願いの洞窟
アストはため息をつくと、アドルノの屋敷の居間に置いてあるソファに腰かけて仰向けに寝ると、両腕をソファの後ろに回して腕をだらんとぶら下げて天井を見た。
今は夜だ。
天井のシャンデリアが派手に点灯している。
そこへ、アストの視界を遮るものが現れた。
パトリシアだ。
「アストさん~。なに難しい顔してるんですか?」
アストの眼前に現れたのは、まずパトリシアの大きな露出させられた胸、そしてパトリシアの顔の順だった。
アストは顔を背けることもせず、頭上のパトリシアに向かって答えた。
「これが難しい顔せずにいられるかって。そんな簡単に半年でセバスチャン要塞が落とせると思ってるのか?」
「でも、こっちにはアストさんがいるから」
そう言うとパトリシアは、閉じた口を大きく横に伸ばして、ニッと笑った。
「あのなあ。あれは千年ものあいだ、俺の先祖の継承者たちがいても落とせなかった要害なんだぜ?」
「でもそれは平和に慣れきって、現状維持してたからでしょう?」
「ん・・・まあ、そうだが」
「それじゃあなんとかなりますって。なんかこっちの士気も高そうだし」
「あのなあ」
そう言うとアストは前足を踏ん張って、ソファの前のほうに座った。
「でも確かに半年で攻め落とすなんて言いきっちゃって、アドさんはすごいなあ」
「ああ。おかげで余計に士気が上がったような感じだったな」
「はーあ。これから訓練の日々かあ。なんか退屈そう」
そう言うと、パトリシアはアストの座ってるソファの隣に腰かけた。
なんだかパトリシアは嬉しそうだ。
パトリシアは尻を少し浮かせると、ちょっとだけアストのほうに寄って体を密着させた。
だがアストのほうは特にそのことに気がついてないようだ。
「冒険者のときとは違うんだぞ?
相手は生身の人間だ。高い知能を持った人間なんだ。油断してるとあっという間にやられちまうぜ」
「はーい、わかってまーす」
そういうとパトリシアはソファの上で仰向けに背伸びした。
(ほんとにわかってんのかな?)
とアストは心の中で思った。
「ああそうだ、パティの魔法で火縄銃って無効化することは、水の魔法を使ってできるんだろ?」
「一定の範囲内の敵はね。でも一気に数百人とか来られたら、あたしも討ち死にかも」
「不吉なことを言うなって」
「えへっ!」
パトリシアは体を前に出すと、アストの真横に来て同じように前足を踏ん張ってソファの前のほうに座った。
ちょうどふたりが仲良く並ぶような形になった。
そこへ新参謀総長のアドルノが自宅に帰還したらしい。
リビングのソファにまっすぐにやってくる。
「おや、今日は先客がいるな」
「いえーい」
パトリシアは白い歯を見せてピースしながらそれをアドルノに向けた。
仕方ないのでアドルノはすぐ横に置いてある椅子を引っ張り出すと、それに座り、アストたちのほうを向いて話し始めた。
「一週間後くらいだな。

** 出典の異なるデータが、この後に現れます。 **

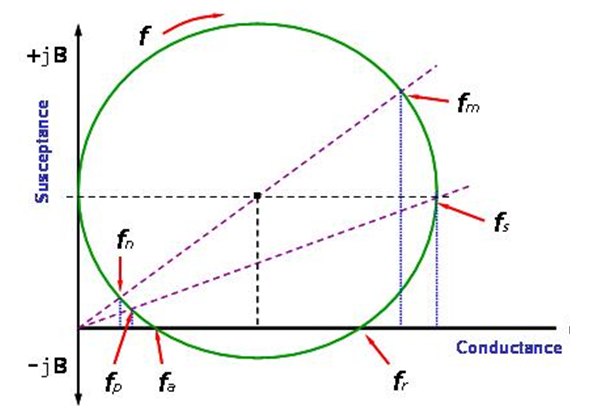 最大電導(dǎo)頻率及最小電導(dǎo)頻率 ( fm , fn )(maximum admittance frequency minimum admittance frequency).這三組頻率的導(dǎo)納(admittance)圖, 可以從(如圖)復(fù)數(shù)坐標(biāo)清楚的看到串聯(lián)偕振頻率及并聯(lián)偕振頻率, fs and fp ,是分別由電導(dǎo)(real part of the admittance)最大和阻抗(real part of the electric input impedance)最大時(shí)的頻率.諧振頻率及反諧振頻率, fr and fa , 分別是當(dāng)電導(dǎo)等于零(純電阻特性)的二個(gè)頻率. 在這個(gè)時(shí)候, fr 的阻抗為 1 / Rr 而fa 的阻抗為 1/ Ra.

いよいよ東のダンジョンに行くぞ」
「え?このくそ忙しい時期にか?」
アストは目を丸くした。
「その一週間のあいだに、訓練の仕方を参謀本部の主だった者たちにみっちり仕込んでおいて、俺たちがいない間にばっちり訓練しててもらうのさ」
「なるほどね」
「やったーー!またこのメンバーで冒険できるんだね!」
「パティ。そうはいっても倒す相手は一体だけだぞ。東のダンジョンの・・・」
「わかってるって。アストさんがいれば、倒せるよね?」
「いや、俺の力だけじゃぜんぜん足りない」
「えっ!?そうなの?」
「東のダンジョンの百階層のボスは俺の水晶玉でも傷はほとんどつけられない。体が固すぎるんだよ」
「え、それって、やばいの?」
「頭の部分はそれほど固くはない。とはいえ、普通に狙ったんじゃ難しい」
「普通に狙ったんじゃ?じゃあ、普通じゃなかったら?」
「そこでパティ、君の番だよ」
「へっ?あたし?」
パトリシアは驚いたらしく、珍しく体をあとずさりしてしまった。
「パティがやつの頭を凍らせるんだ。
凍った敵の頭なら、それを水晶の攻撃で粉々に砕くことができる」
「へー!なんか、冒険者パーティーっぽいね」
「なに言ってんだ。俺たちは元から冒険者パーティーだろう?」
「だって、本気になったらアストさんだけで倒しちゃうからさ。あたしたち、いらないみたいじゃん」
「そんなことないよ。俺は何度もパティに助けてもらったよ」
「そうかなあ?あたしの助けてもらった回数のほうが多い気がする」
「回数を張り合ってどうするんだよ?ほら、またよろしく頼むな」
そう言って、アストは右手でパトリシアに握手を求めた。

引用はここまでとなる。